(SUPPLIED RECORDS):
# # # # # # #

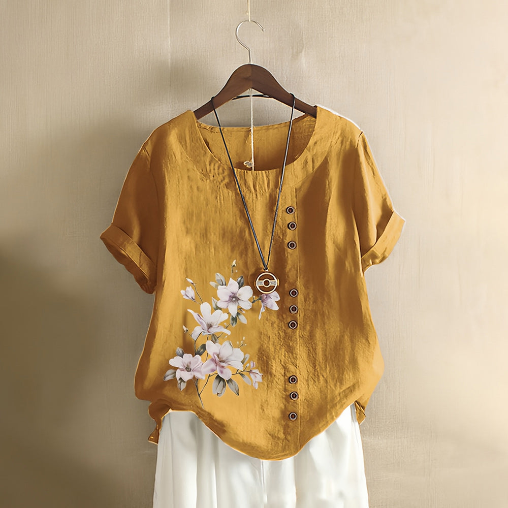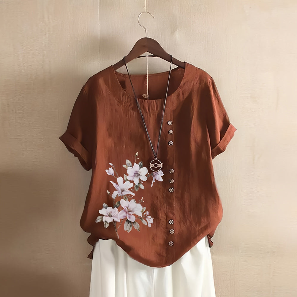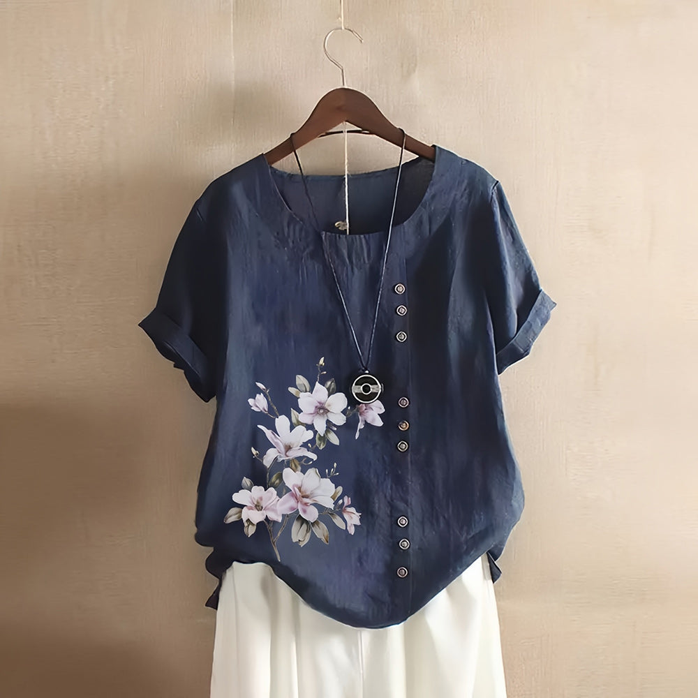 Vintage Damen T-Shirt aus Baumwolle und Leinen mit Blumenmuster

# # # # # # #

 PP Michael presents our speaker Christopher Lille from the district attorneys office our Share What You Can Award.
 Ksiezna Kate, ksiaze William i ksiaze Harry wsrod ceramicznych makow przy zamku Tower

# # # # # # #

(INSTRUCTIONS FOR THE TASK): Restate word for word only the lines above from the line containing "PP Michael presents" to the line containing "Ksiezna Kate, ksiaze", both of them included.

(RESPONSE TO THIS EXERCISE):
 PP Michael presents our speaker Christopher Lille from the district attorneys office our Share What You Can Award.
 Ksiezna Kate, ksiaze William i ksiaze Harry wsrod ceramicznych makow przy zamku Tower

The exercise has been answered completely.